:: DATASET EXTRACT ::
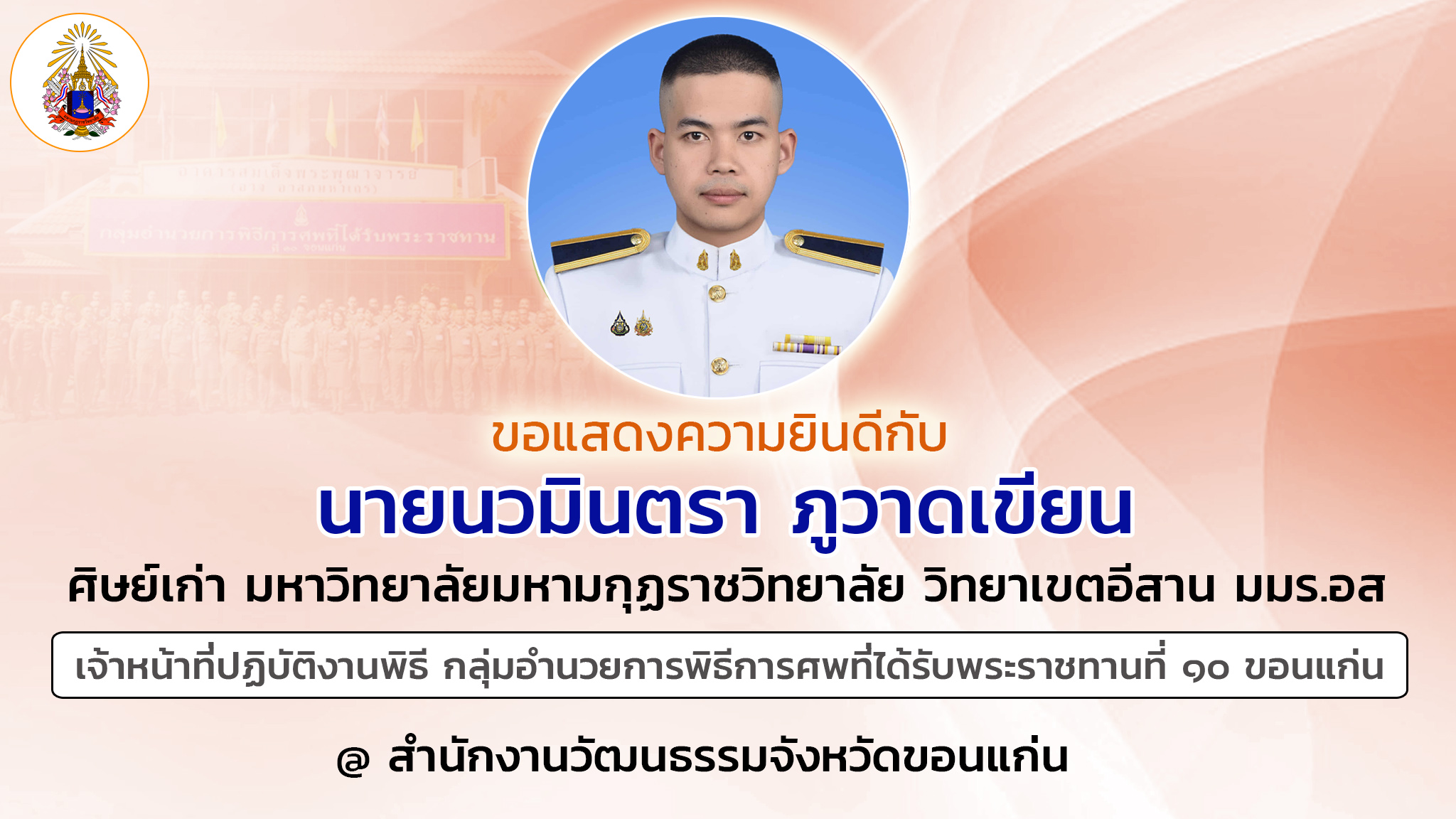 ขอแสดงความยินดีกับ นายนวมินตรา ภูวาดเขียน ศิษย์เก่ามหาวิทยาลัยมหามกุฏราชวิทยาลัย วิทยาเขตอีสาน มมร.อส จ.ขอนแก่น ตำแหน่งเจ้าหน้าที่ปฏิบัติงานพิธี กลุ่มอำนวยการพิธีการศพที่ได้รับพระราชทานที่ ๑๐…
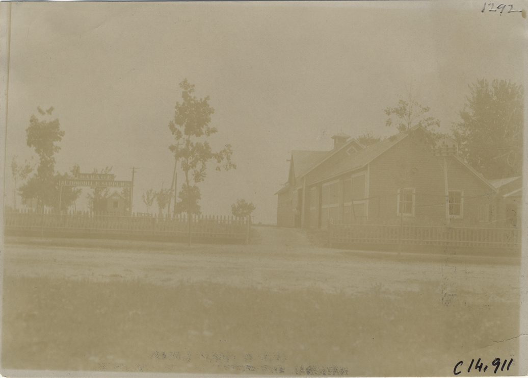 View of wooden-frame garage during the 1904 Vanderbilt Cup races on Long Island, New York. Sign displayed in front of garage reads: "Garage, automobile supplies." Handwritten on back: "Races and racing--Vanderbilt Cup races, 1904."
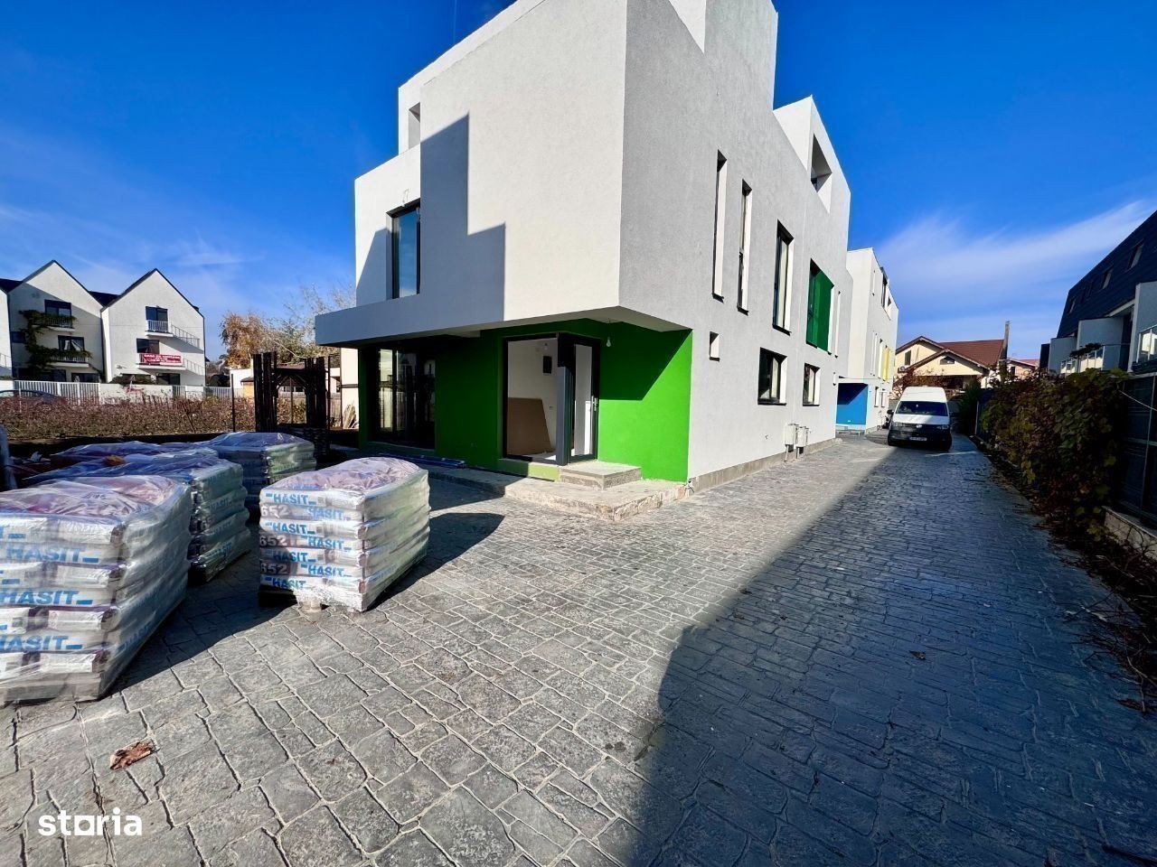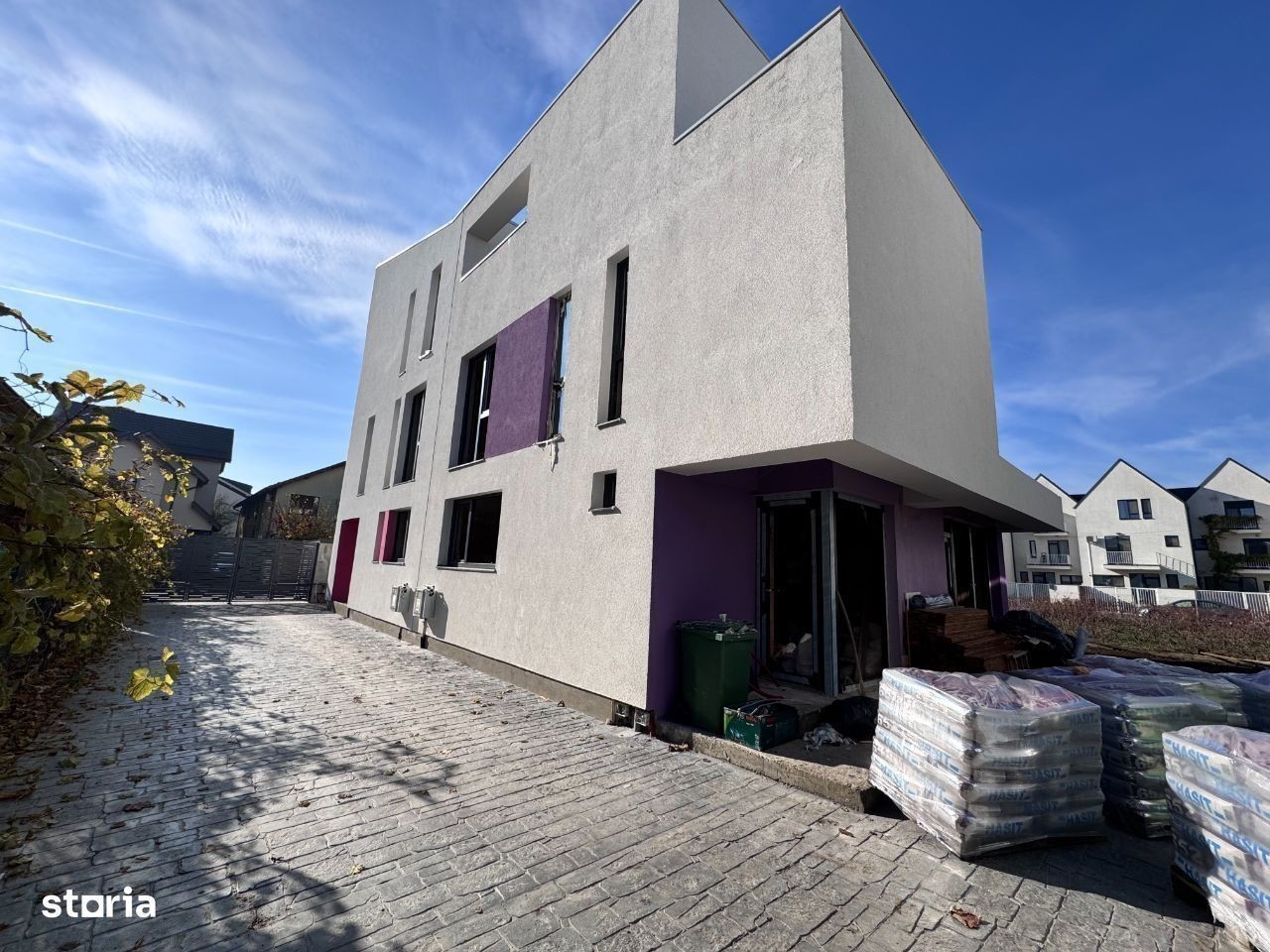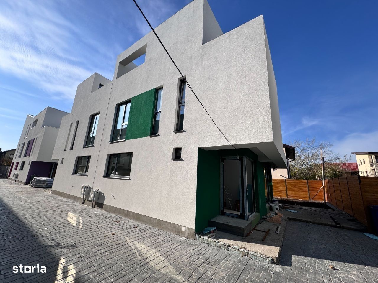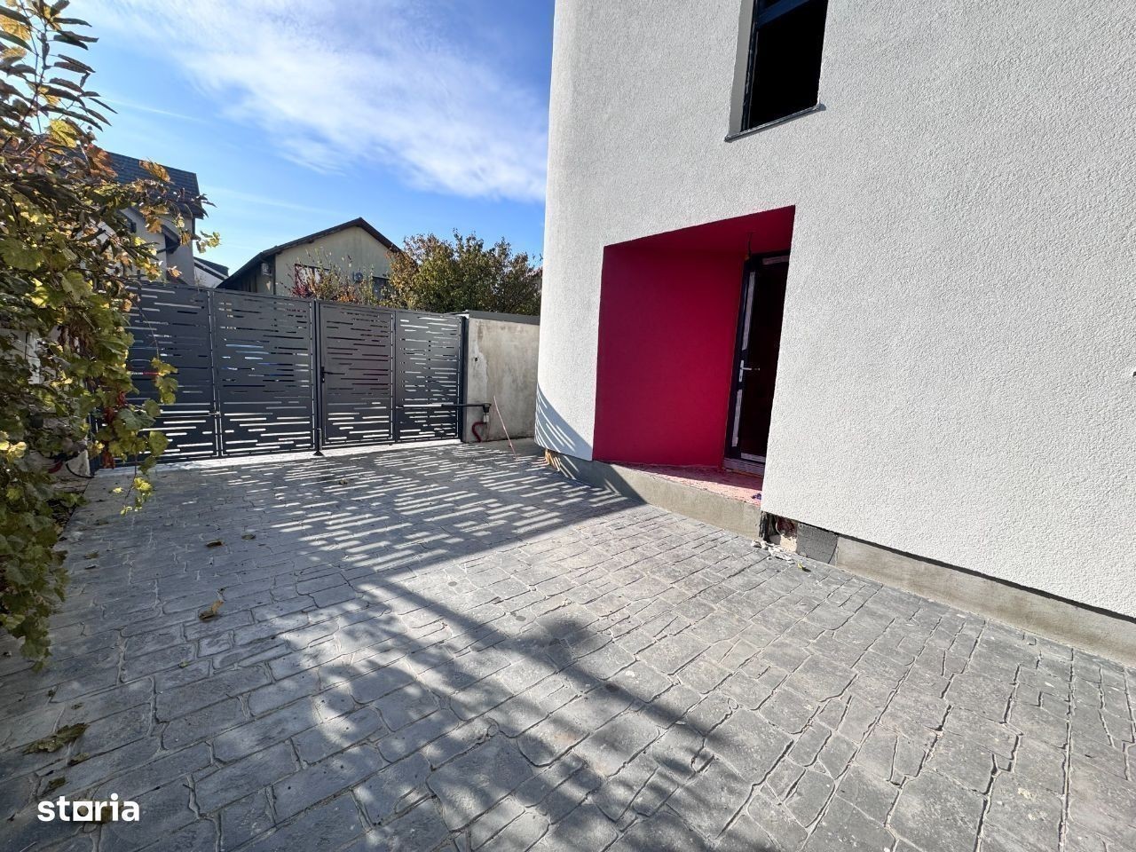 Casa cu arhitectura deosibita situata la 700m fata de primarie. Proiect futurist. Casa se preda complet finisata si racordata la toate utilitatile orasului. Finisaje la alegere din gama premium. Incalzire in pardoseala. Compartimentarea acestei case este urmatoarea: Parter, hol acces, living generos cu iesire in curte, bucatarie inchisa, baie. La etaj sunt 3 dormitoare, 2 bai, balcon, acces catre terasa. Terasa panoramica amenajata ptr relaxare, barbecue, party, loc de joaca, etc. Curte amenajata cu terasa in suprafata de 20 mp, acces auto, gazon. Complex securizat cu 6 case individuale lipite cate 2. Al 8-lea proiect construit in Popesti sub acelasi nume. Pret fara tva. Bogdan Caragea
:::
Return each line of the data, keeping its wording exact and omitting pictures.

WRITTEN REPLY:
 ขอแสดงความยินดีกับ นายนวมินตรา ภูวาดเขียน ศิษย์เก่ามหาวิทยาลัยมหามกุฏราชวิทยาลัย วิทยาเขตอีสาน มมร.อส จ.ขอนแก่น ตำแหน่งเจ้าหน้าที่ปฏิบัติงานพิธี กลุ่มอำนวยการพิธีการศพที่ได้รับพระราชทานที่ ๑๐…
 View of wooden-frame garage during the 1904 Vanderbilt Cup races on Long Island, New York. Sign displayed in front of garage reads: "Garage, automobile supplies." Handwritten on back: "Races and racing--Vanderbilt Cup races, 1904."
 Casa cu arhitectura deosibita situata la 700m fata de primarie. Proiect futurist. Casa se preda complet finisata si racordata la toate utilitatile orasului. Finisaje la alegere din gama premium. Incalzire in pardoseala. Compartimentarea acestei case este urmatoarea: Parter, hol acces, living generos cu iesire in curte, bucatarie inchisa, baie. La etaj sunt 3 dormitoare, 2 bai, balcon, acces catre terasa. Terasa panoramica amenajata ptr relaxare, barbecue, party, loc de joaca, etc. Curte amenajata cu terasa in suprafata de 20 mp, acces auto, gazon. Complex securizat cu 6 case individuale lipite cate 2. Al 8-lea proiect construit in Popesti sub acelasi nume. Pret fara tva. Bogdan Caragea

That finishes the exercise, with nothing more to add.